**DATA SEGMENT**
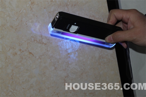 杨总:王者陶瓷工厂和国际著名的大学进行科技合作,在陶瓷上引入了高科技的材料,使我们的砖对细菌有一定的杀伤力,给我们老百姓的身体,尤其是家里有老人和小孩的,是有相当大的好处的。同时,我们在2008年率先在全国推出了防伪标志。我们是考虑几个问题,首先市场上瓷砖的同质化趋向明显,有些砖看上去差不多,其实是已经掉包过了,消费者在很大程度由于商家的不文明经商行为受到损害。王者陶瓷每片砖上都有防伪标志,客户买回去以后,只需要拿紫外线的灯照一下,立刻能够发现是否与购买的瓷砖一致,从而保证消费者的利益。
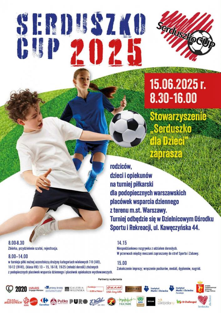 Serduszko CUP to impreza sportowa dedykowana podopiecznym warszawskich placówek wsparcia dziennego - świetlic środowiskowych, klubów młodzieżowych, podopiecznym pieczy zastępczej i ośrodków szkolno-wychowawczych itp. W tym roku impreza planowana jest na dzień 15 czerwca na Dzielnicowym Ośrodku Sportu i Rekreacji przy Kawęczyńskiej 44.
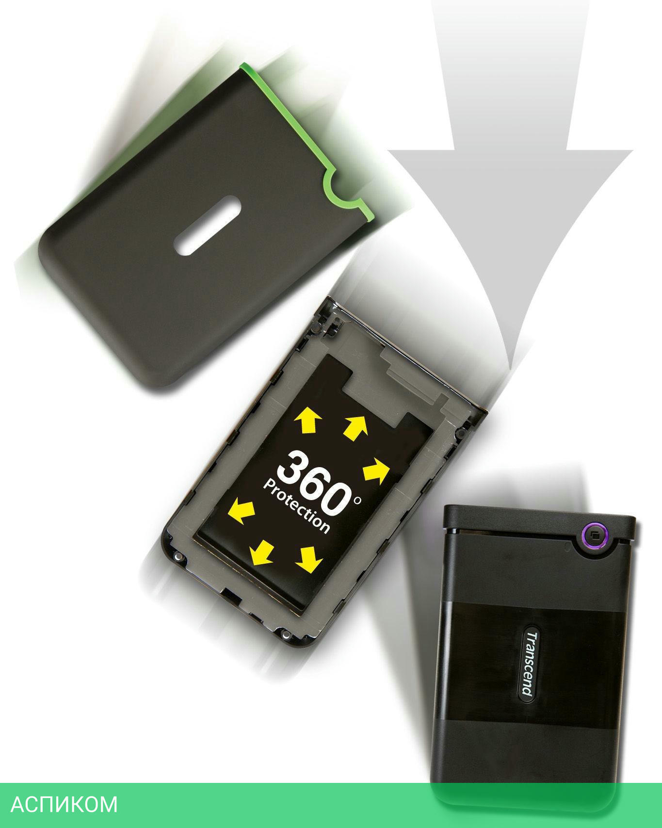 Внешний накопитель Transcend TS2TSJ25M3S серый/2.5"/USB 3.2 Gen1 Type-A (5 Гбит/с)/пластик, резина
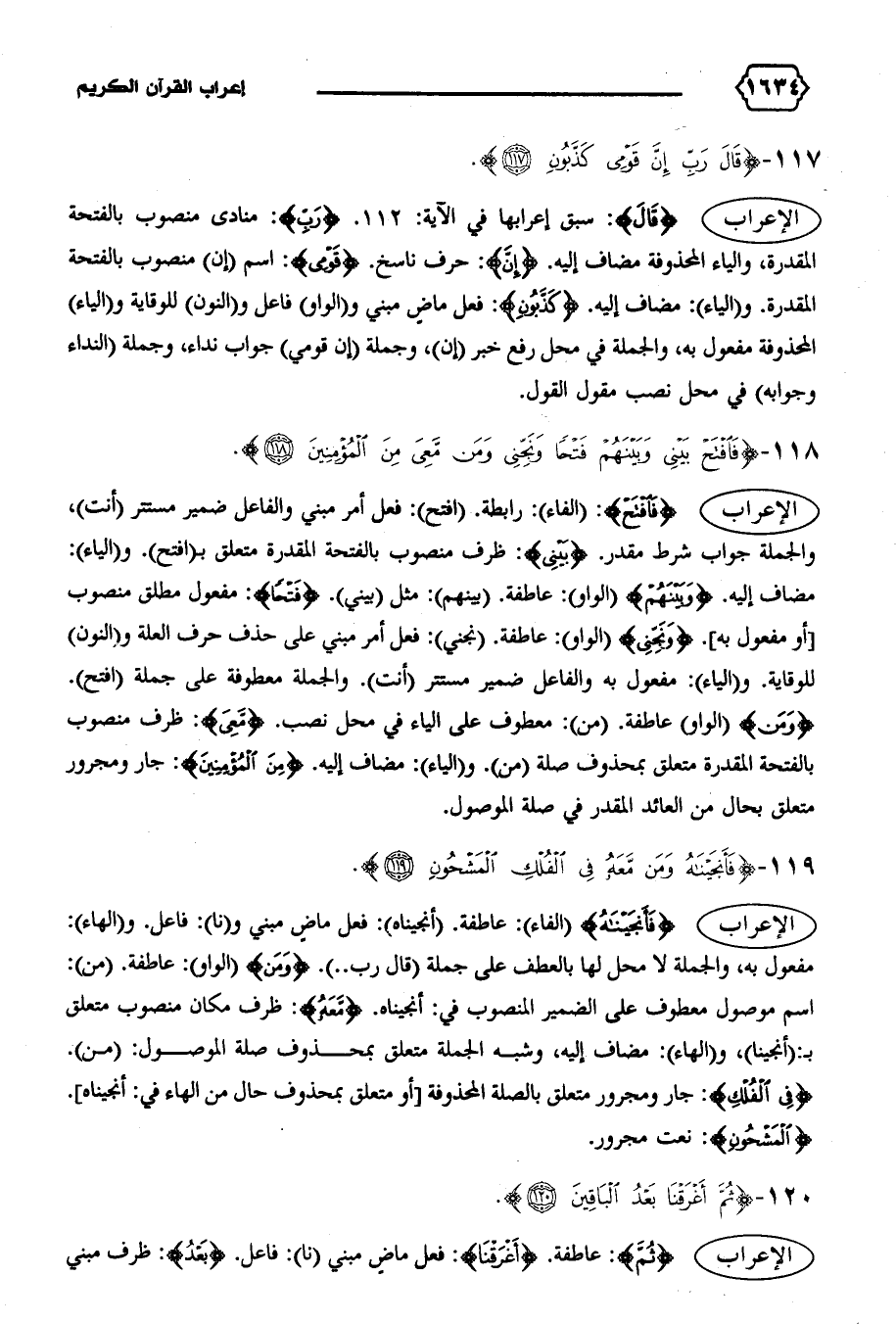 الإعراب {قالَ}: سبق إعرابها في الآية: ١١٢. {رَبِّ}: منادى منصوب بالفتحة المقدرة، والياء المحذوفة مضاف إليه. {إِنَّ}: حرف ناسخ. {قَوْمِي}: اسم (إن) منصوب بالفتحة المقدرة. و (الياء): مضاف إليه. {كَذَّبُونِ}: فعل ماض مبني و (الواو) فاعل و (النون) للوقاية و (الياء) المحذوفة مفعول به، والجملة في محل رفع خبر (إن)، وجملة (إن قومي) جواب نداء، وجملة (النداء وجوابه) في محل نصب مقول القول.

**ASSIGNED TASK**
Ignoring the pictures, write out word for word only the lines from the one containing "Serduszko CUP to" through the last line of the data, both ends included.

**RESPONSE**
 Serduszko CUP to impreza sportowa dedykowana podopiecznym warszawskich placówek wsparcia dziennego - świetlic środowiskowych, klubów młodzieżowych, podopiecznym pieczy zastępczej i ośrodków szkolno-wychowawczych itp. W tym roku impreza planowana jest na dzień 15 czerwca na Dzielnicowym Ośrodku Sportu i Rekreacji przy Kawęczyńskiej 44.
 Внешний накопитель Transcend TS2TSJ25M3S серый/2.5"/USB 3.2 Gen1 Type-A (5 Гбит/с)/пластик, резина
 الإعراب {قالَ}: سبق إعرابها في الآية: ١١٢. {رَبِّ}: منادى منصوب بالفتحة المقدرة، والياء المحذوفة مضاف إليه. {إِنَّ}: حرف ناسخ. {قَوْمِي}: اسم (إن) منصوب بالفتحة المقدرة. و (الياء): مضاف إليه. {كَذَّبُونِ}: فعل ماض مبني و (الواو) فاعل و (النون) للوقاية و (الياء) المحذوفة مفعول به، والجملة في محل رفع خبر (إن)، وجملة (إن قومي) جواب نداء، وجملة (النداء وجوابه) في محل نصب مقول القول.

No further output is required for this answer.